Image Credit: Likoper/Shutterstock.com
A new hybrid microscope has been developed by a team of researchers working at the Cancer Center at the University of Illinois that promises to create digital biopsies that could transform the field of cancer biopsies.
In a research paper published in the Proceedings of the National Academy of Sciences, the team describes how their innovation that pairs an infrared capability with the standard optical microscope generates digital biopsies that are comparable to those created by traditional pathology techniques and were better than those produced by state-of-the-art infrared microscopes.
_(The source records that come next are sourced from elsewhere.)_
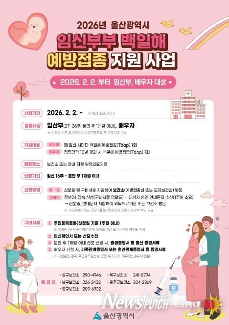 뉴스펀치 김윤걸 기자 | 울산 중구보건소가 오는 2월 2일부터 임산부와 배우자를 대상으로 백일해 무료 예방접종을 실시한다.
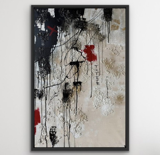 Discover the expressive power of "Grito Manuscrito XL" by renowned artist Laura Pinchete. This abstract artwork, executed on canvas, captures the essence of emotion and movement in a bold composition of black, red, white, and gold hues. The texture and dynamism of the brushstrokes invite a deeper exploration of the underlying themes and feelings.
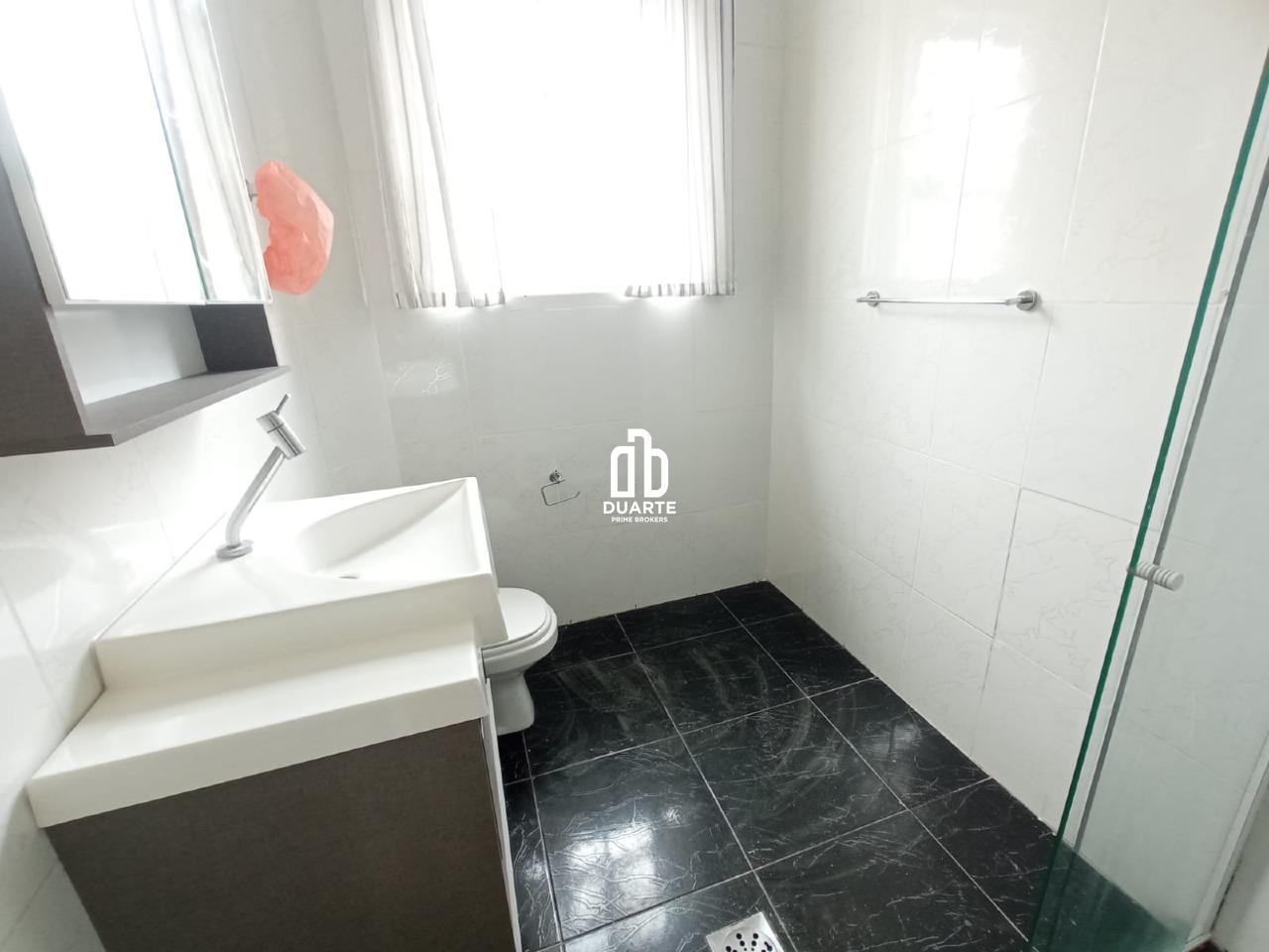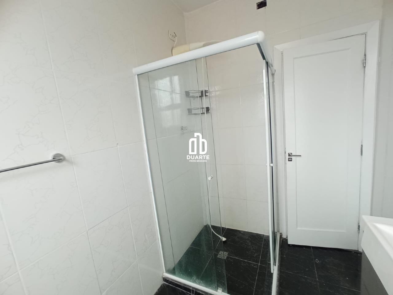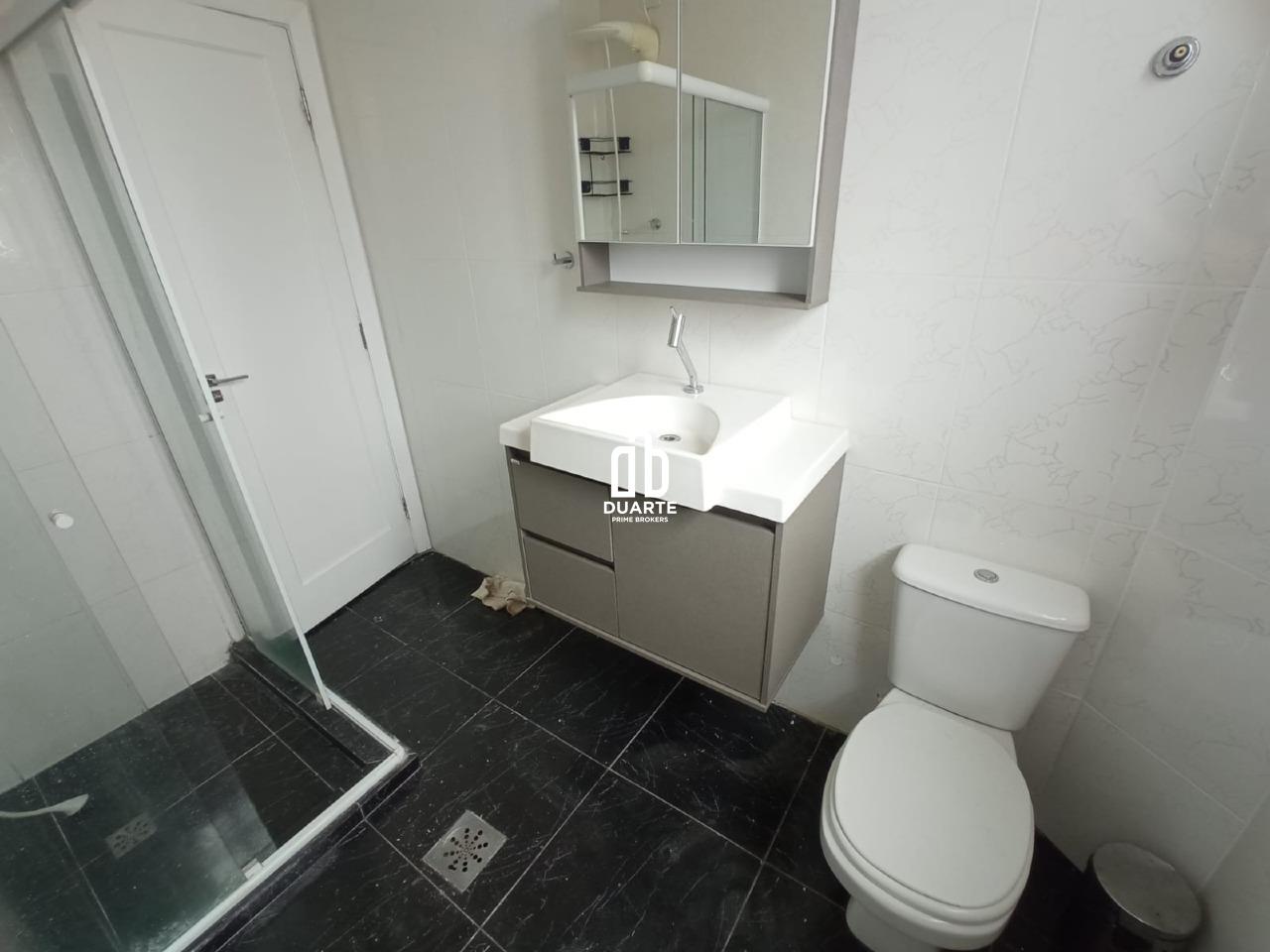 Banheiro social com armário e box de vidro temperado

The team believes that its hybrid microscope will enhance diagnostic methods by speeding up the time it takes to process test results, bringing down the costs due to eliminating the need to use reagents and dedicate valuable staff time to stain tissue and introduce an 'all-digital' solution for cancer pathology.
Staining Methods are Limited in their Use in Cancer Diagnosis
Currently, immunohistochemistry is considered the gold standard in terms of imaging methods used in pathology. Immunohistochemistry is the most popular immunostaining technique that involves the identifications of proteins (antigens) present in a sample by staining antibodies that bind to these specific antigens. In an alternative indirect process, an antibody is used against the target antigen and a second, labeled antibody is used against the first.
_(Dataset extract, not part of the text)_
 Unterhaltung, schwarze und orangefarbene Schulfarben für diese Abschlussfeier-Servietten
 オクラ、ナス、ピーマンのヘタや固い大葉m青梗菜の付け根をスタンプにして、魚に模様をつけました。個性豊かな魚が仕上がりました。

Staining allows shapes and patterns within cells to be visualized under a microscope. It allows scientists to see the organelles, proteins, and other molecules that may exist within a tissue. The idea is that it can identify markers of disease to help distinguish between health and diseased tissue. However, cancer is not always easy to distinguish from healthy tissue. In addition, segregating the boundaries of a tumor can also prove difficult, leaving diagnosis to the opinion of the health professional and therefore leaving it vulnerable to human error.
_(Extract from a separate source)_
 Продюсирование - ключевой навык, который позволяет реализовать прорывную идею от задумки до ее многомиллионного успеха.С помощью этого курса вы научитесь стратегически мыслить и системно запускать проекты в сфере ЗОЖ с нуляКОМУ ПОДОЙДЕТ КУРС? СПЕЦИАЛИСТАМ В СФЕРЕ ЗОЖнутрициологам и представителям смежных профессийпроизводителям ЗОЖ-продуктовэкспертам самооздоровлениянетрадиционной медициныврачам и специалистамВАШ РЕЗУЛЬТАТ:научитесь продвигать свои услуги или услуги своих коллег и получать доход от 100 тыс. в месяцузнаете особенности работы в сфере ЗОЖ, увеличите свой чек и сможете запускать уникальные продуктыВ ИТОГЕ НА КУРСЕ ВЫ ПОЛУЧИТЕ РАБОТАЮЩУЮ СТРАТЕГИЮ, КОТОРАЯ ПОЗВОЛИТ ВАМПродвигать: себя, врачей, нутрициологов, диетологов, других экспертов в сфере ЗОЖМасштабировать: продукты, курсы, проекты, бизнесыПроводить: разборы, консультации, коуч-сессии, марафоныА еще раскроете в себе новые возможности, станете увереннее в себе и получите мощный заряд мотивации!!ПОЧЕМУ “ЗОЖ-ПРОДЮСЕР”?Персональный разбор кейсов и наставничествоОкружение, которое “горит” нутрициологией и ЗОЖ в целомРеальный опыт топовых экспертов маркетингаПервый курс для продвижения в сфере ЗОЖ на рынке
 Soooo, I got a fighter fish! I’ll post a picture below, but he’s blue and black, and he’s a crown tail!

Dyes have been added to tissue biopsies for over 100 years as a method of tumor diagnosis, but the technique is limited in its ability to reveal the molecular changes related to cancer progression. Therefore, there is a strong need for a new, improved imaging method.
This is what drove the scientists at the University of Illinois to establish a new technique that can better visualize tumors. They looked to infrared microscopy due to its ability to measure the tissue’s molecular composition, quantitatively measuring features associated with cancerous cells. Infrared on its own, however, is not suitable for use in cancer diagnosis because it requires specialized handling and preparation making it impractical and expensive.
Combining High-Resolution Microscope Technology with Infrared Microscopy
To overcome the limitations of both methods and to create a new diagnostic technique, the team added an infrared laser as well as an interference objective (a specialized microscope lens), to an optical camera. The method was developed to measure high-resolution optical image data along with infrared data with a light microscope.
The hybrid microscope was constructed with off-the-shelf components, making it accessible to a wide range of labs who can simply build their own microscope.
Click here to find out more about various optical microscopes
The combination of the two imaging techniques resulted in incorporating the strengths of both methods, establishing a technique that has a high-resolution, a large field-of-view, and the accessibility of a common piece of lab equipment, the optical microscope.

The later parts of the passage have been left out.